- [What you are asked to do]: Write out all the entries word for word, but skip any images.

- [Material provided]:

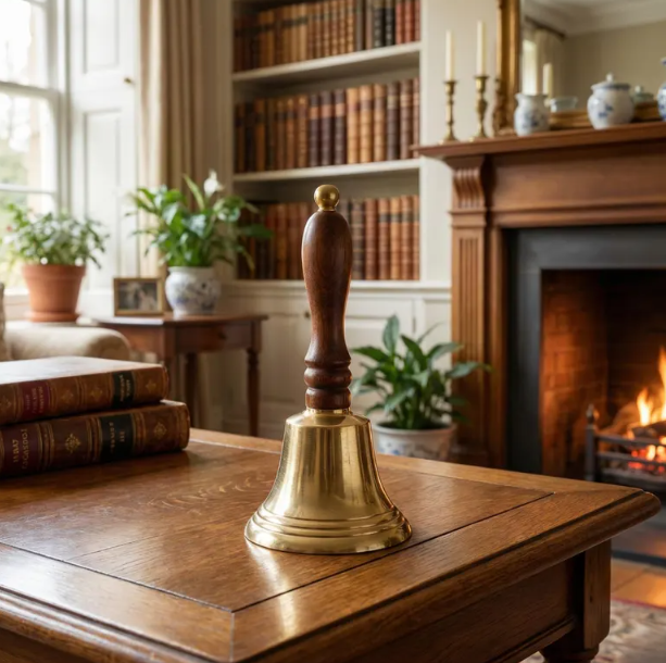Celebrate special moments with this handcrafted brass hand bell, ideal for teachers, cancer survivors, ceremonies, church altars, dinner calls, and home décor. Crafted from solid brass with a smooth wooden handle, it delivers a clear, loud ring and offers custom engraving to create a meaningful keepsake.
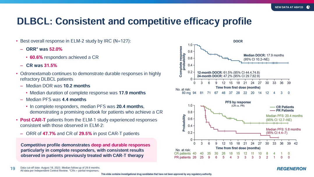 而在ELM-2试验中,接受odronextamab治疗的DLBCL患者(n=127)队列的客观缓解率则为52%,完全缓解率为31%,中位缓解持续时间为10个月(95% CI:5-18),中位完全缓解持续时间为18个月(95% CI:10-不可估计)。
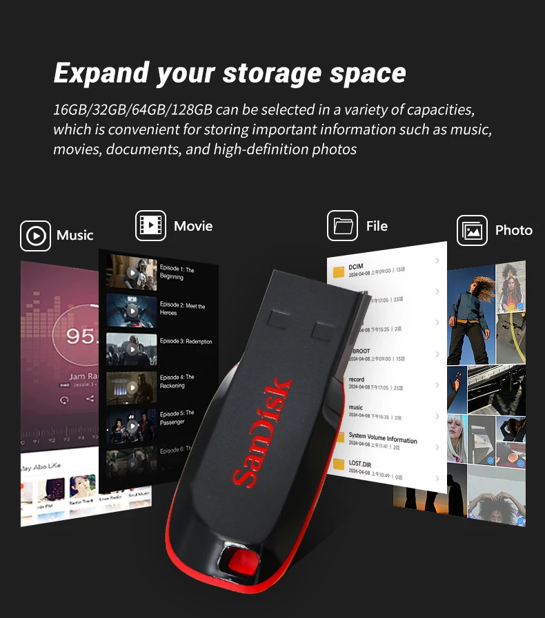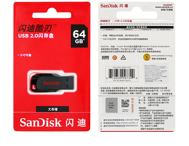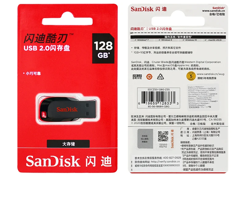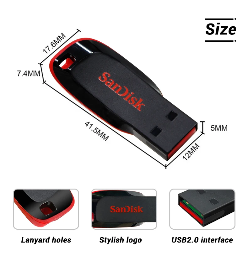 SanDisk Cruzer Blade USB Flash Drive 16GB 32GB Memory Stick 64GB 128GB Portable USB Storage Disk For Computer
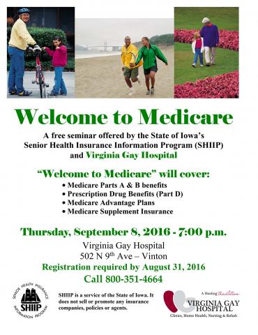 This two hour seminar offered by Virginia Gay Hospital and Clinics, with trained SHIIP counselors, will be held Thursday, September 8th starting at 7:00PM. The seminar will be held at in the hospital dining room, 502 North 9th Avenue, Vinton. Please register no later than August 31st by calling SHIIP at 800-351-4664.
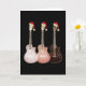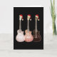 Coole rustikale, Vintage Retro-E-Gitarre Weihnachtskarte für Musikliebhaber vor allem Teenager. Festive Retro rustikale Kunstzeichnungen von drei Gitarren in durchsichtigem ätherischen Braun mit lustigen Weihnachtsmannmützen von Künstlerin Catherine Sweetman
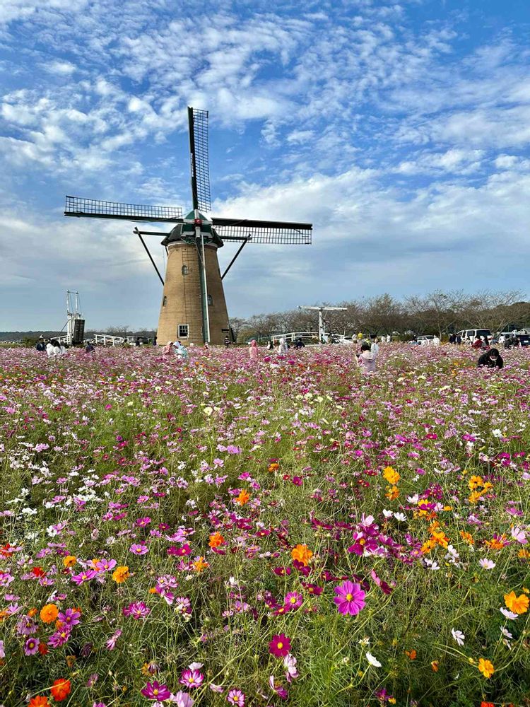 春はチューリップ、秋はコスモスで見応えのある場所です。風車があるので、とても雰囲気が良い場所です♪
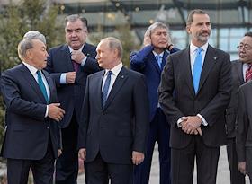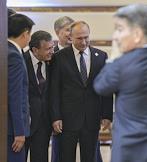Слева направо: президент Узбекистана Шавкат Мирзиеев, президент России Владимир Путин, президент Киргизии Алмазбек Атамбаев и президент Казахстана Нурсултан Назарбаев перед заседанием совета глав государств - членов Шанхайской организации сотрудничества (ШОС).
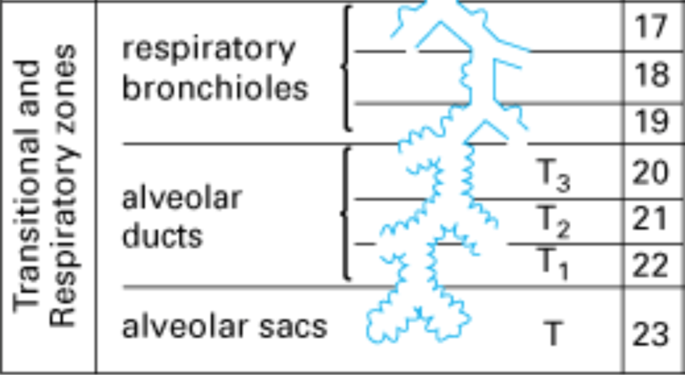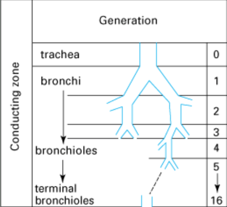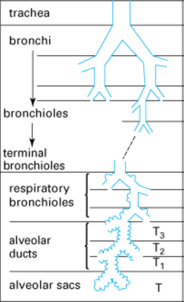 Airways –> bronchi –> bronchioles –> respiratory bronchioles –> alveolar ducts

- [Output of the exercise]:
Celebrate special moments with this handcrafted brass hand bell, ideal for teachers, cancer survivors, ceremonies, church altars, dinner calls, and home décor. Crafted from solid brass with a smooth wooden handle, it delivers a clear, loud ring and offers custom engraving to create a meaningful keepsake.
 而在ELM-2试验中,接受odronextamab治疗的DLBCL患者(n=127)队列的客观缓解率则为52%,完全缓解率为31%,中位缓解持续时间为10个月(95% CI:5-18),中位完全缓解持续时间为18个月(95% CI:10-不可估计)。
 SanDisk Cruzer Blade USB Flash Drive 16GB 32GB Memory Stick 64GB 128GB Portable USB Storage Disk For Computer
 This two hour seminar offered by Virginia Gay Hospital and Clinics, with trained SHIIP counselors, will be held Thursday, September 8th starting at 7:00PM. The seminar will be held at in the hospital dining room, 502 North 9th Avenue, Vinton. Please register no later than August 31st by calling SHIIP at 800-351-4664.
 Coole rustikale, Vintage Retro-E-Gitarre Weihnachtskarte für Musikliebhaber vor allem Teenager. Festive Retro rustikale Kunstzeichnungen von drei Gitarren in durchsichtigem ätherischen Braun mit lustigen Weihnachtsmannmützen von Künstlerin Catherine Sweetman
 春はチューリップ、秋はコスモスで見応えのある場所です。風車があるので、とても雰囲気が良い場所です♪
Слева направо: президент Узбекистана Шавкат Мирзиеев, президент России Владимир Путин, президент Киргизии Алмазбек Атамбаев и президент Казахстана Нурсултан Назарбаев перед заседанием совета глав государств - членов Шанхайской организации сотрудничества (ШОС).
 Airways –> bronchi –> bronchioles –> respiratory bronchioles –> alveolar ducts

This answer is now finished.